## WHAT YOU NEED TO DO
Reproduce verbatim all of the data given below, but do not carry over the images.

## INFORMATION SUPPLIED
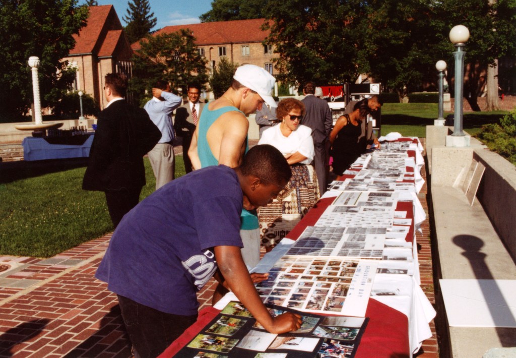 Members from the HUB community review photographs of the program on the Quad during HUB’s 30th anniversary celebration, August 1994. Courtesy of Cranbrook Archives.
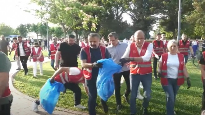 Dün İzmir Büyükşehir Belediye Başkanı Cemil Tugay’ın sahaya inerek çöp toplamasının ardından bugün ise CHP İzmir İl Başkanı Şenol Aslanoğlu, ilçe belediye başkanları ve il yöneticileri Konak’ta çöp toplamaya çıktı. Çöp toplama mesaisine İzmir Büyükşehir Belediyesi CHP Grup Başkanvekili Altan İnanç da katıldı.
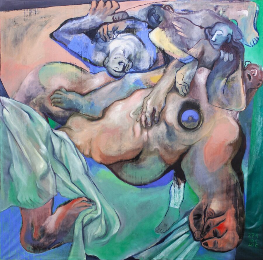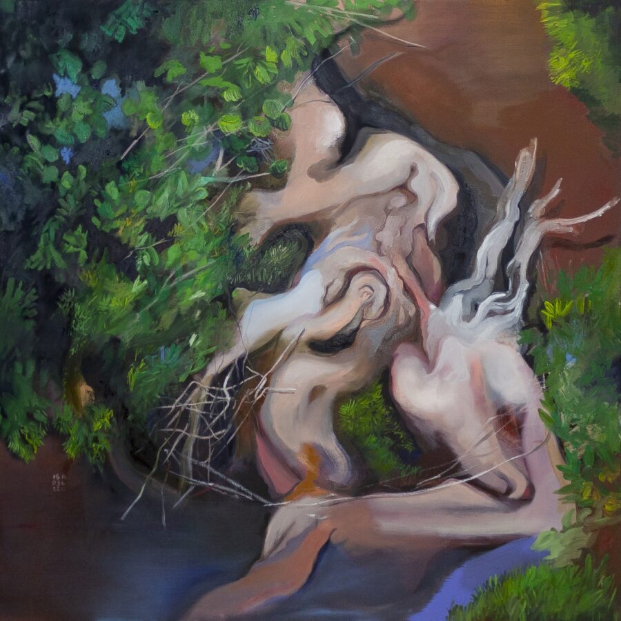 A.S.C. : Mes peintures mettent en scène principalement des corps ou des fragments organiques que l’on peut identifier. Cette direction-là se manifeste de façon variée : elle peut laisser la place principalement au corps sans que l’environnement soit représenté ou alors articuler les deux présences – humaines et végétales – de manière presque fusionnelle. Récemment j’étais invitée au PAD par le collectif BLAST à Angers, j’ai réalisé sur toile libre une composition de grand format intitulée BING BANG. J’y représentais des corps qui s’étreignaient et se compressaient dans un champ pictural dense. Tout y était imbriqué : fragments de végétaux, bustes, bras, mains…
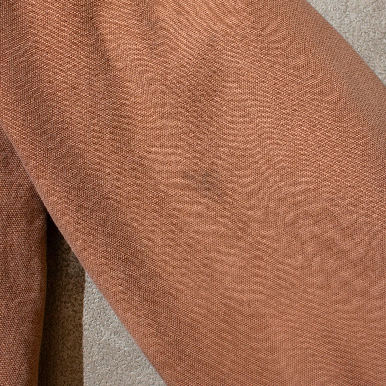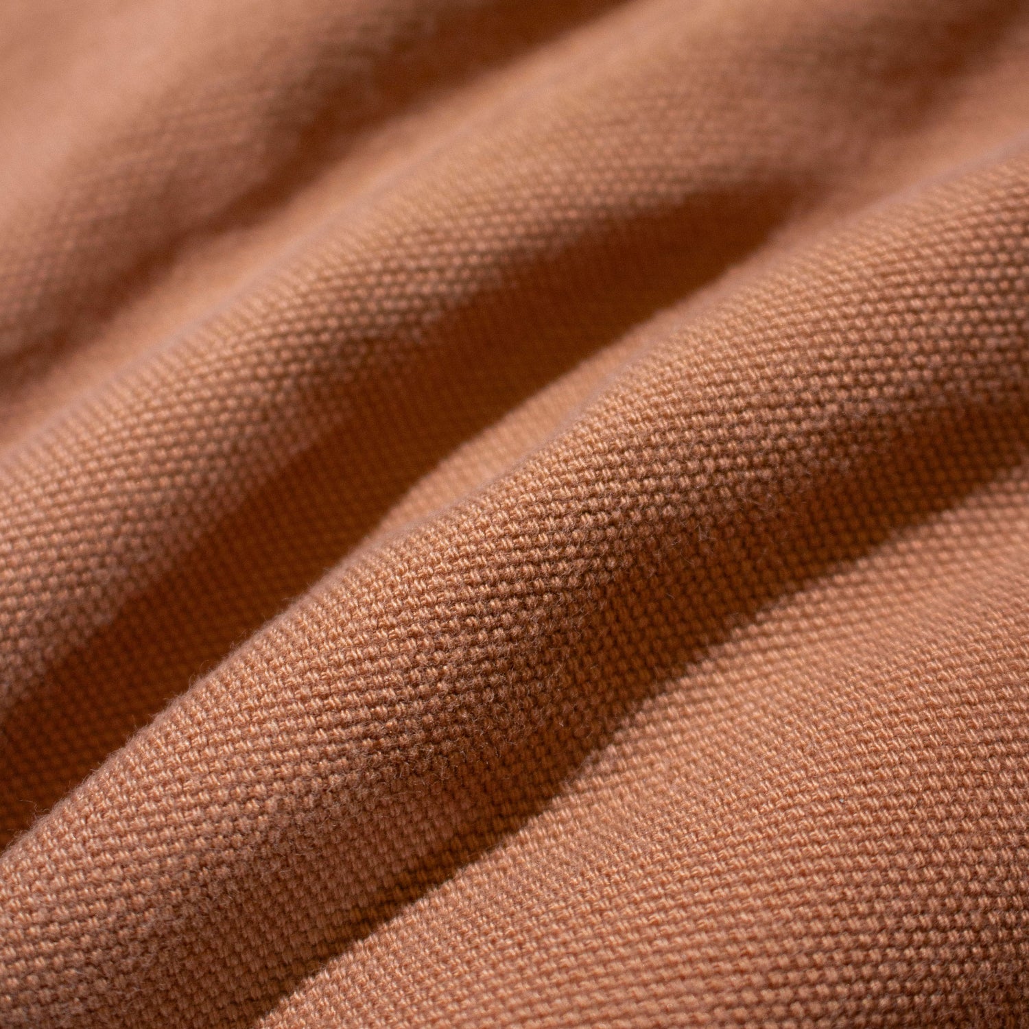 こちらの生地にはダック特有のガシッとした硬さを抑えた、柔らかさのあるコットンダックを使用。大きめに着用しても肩のラインが自然に落ち、無骨さはありつつも着用時のシルエットは非常に綺麗です。身幅はしっかり広めながら、丈は短すぎず長すぎないバランスで、いわゆる短丈に抵抗のある方でも取り入れやすいシルエット。

## EXERCISE ANSWER
 Members from the HUB community review photographs of the program on the Quad during HUB’s 30th anniversary celebration, August 1994. Courtesy of Cranbrook Archives.
 Dün İzmir Büyükşehir Belediye Başkanı Cemil Tugay’ın sahaya inerek çöp toplamasının ardından bugün ise CHP İzmir İl Başkanı Şenol Aslanoğlu, ilçe belediye başkanları ve il yöneticileri Konak’ta çöp toplamaya çıktı. Çöp toplama mesaisine İzmir Büyükşehir Belediyesi CHP Grup Başkanvekili Altan İnanç da katıldı.
 A.S.C. : Mes peintures mettent en scène principalement des corps ou des fragments organiques que l’on peut identifier. Cette direction-là se manifeste de façon variée : elle peut laisser la place principalement au corps sans que l’environnement soit représenté ou alors articuler les deux présences – humaines et végétales – de manière presque fusionnelle. Récemment j’étais invitée au PAD par le collectif BLAST à Angers, j’ai réalisé sur toile libre une composition de grand format intitulée BING BANG. J’y représentais des corps qui s’étreignaient et se compressaient dans un champ pictural dense. Tout y était imbriqué : fragments de végétaux, bustes, bras, mains…
 こちらの生地にはダック特有のガシッとした硬さを抑えた、柔らかさのあるコットンダックを使用。大きめに着用しても肩のラインが自然に落ち、無骨さはありつつも着用時のシルエットは非常に綺麗です。身幅はしっかり広めながら、丈は短すぎず長すぎないバランスで、いわゆる短丈に抵抗のある方でも取り入れやすいシルエット。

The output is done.